Each node gets its own persistent WebSocket connection and worker process.

```ini
[em_disco]
nodes = localhost:8080, em-disco.roques.me
```

With this config, `start_agent/3` spawns two workers automatically:
- `my_agent_server` — connected to local disco (index 1)
- `my_agent_server_2` — connected to public disco (index 2)
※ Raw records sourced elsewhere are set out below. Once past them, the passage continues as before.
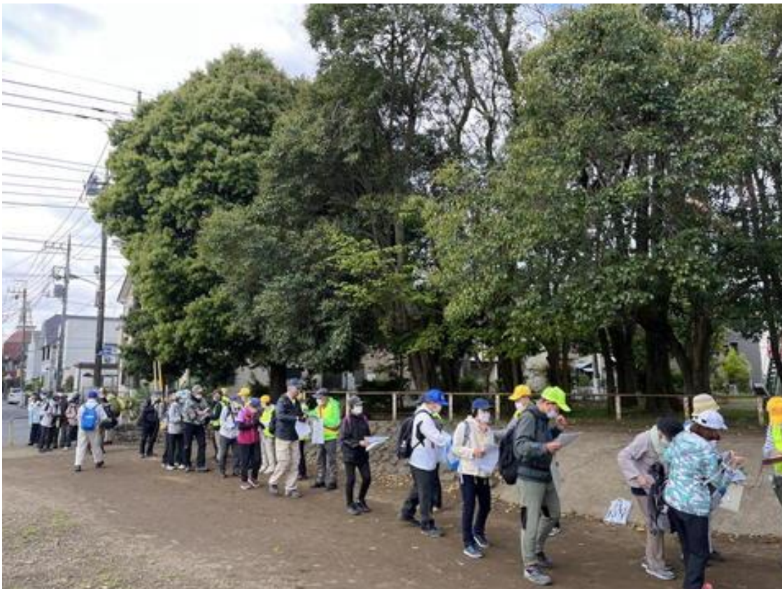
受付風景 (やまぶき公園)

この日の朝は、風もなく青空がひろがる絶好のウォーキング日和となりました。お昼頃から小雨が降り出しそうな雲行きになりましたが、雨に降られることはなく、ゴールすることができました。この日の参加者は 97名 でした。
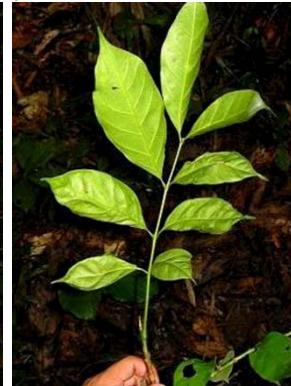
29 Guarea sp. MR MELIACEAE
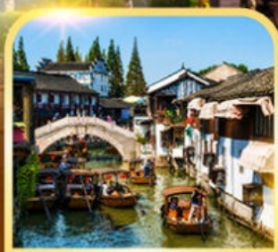
เมืองโบราณจูเจียเจี่ยว

Port and transport resolution:
- `localhost` / `127.0.0.1` → port 8080, plain TCP (default)
- any other host without port → port 443, TLS (default)
- explicit port 443 → TLS
- any other explicit port → plain TCP

## Configuration


The `em_disco` address is resolved in this order:

1. `[em_disco] nodes` in `emergence.conf` (recommended)
2. `EM_DISCO_HOST` / `EM_DISCO_PORT` environment variables (legacy, single node)
3. Default: `localhost:8080`

`emergence.conf` locations:
- Linux/macOS: `~/.config/emergence/emergence.conf`
- Windows: `%APPDATA%\emergence\emergence.conf`

Full example:

```ini
[em_disco]
nodes = localhost:8080, em-disco.roques.me
```

## Console output


When running, em_filter logs two events at the `notice` level:

```
[em_filter] agent connected: my_agent @ localhost:8080
[em_filter] query: <body>
```

Connection warnings (auth rejected, timeout, unreachable) are logged at the `warning` level. OTP startup progress reports are suppressed.

## HTML utilities


The following helpers are available for agents that scrape HTML:

| Function | Description |
|---|---|
| `strip_scripts/1` | Removes `<script>` tags |
| `extract_elements/2` | CSS-style element extraction |
| `get_text/1` | Strips all HTML tags |
| `extract_attribute/2` | Extracts a tag attribute value |
| `clean_text/3` | Strips noise and decodes entities |
| `decode_html_entities/1` | Decodes `&amp;`, `&#x...;`, `&#...;` |
| `should_skip_link/2` | Filters out unwanted URLs |

## License


Apache 2.0 — see [LICENSE.md](LICENSE.md).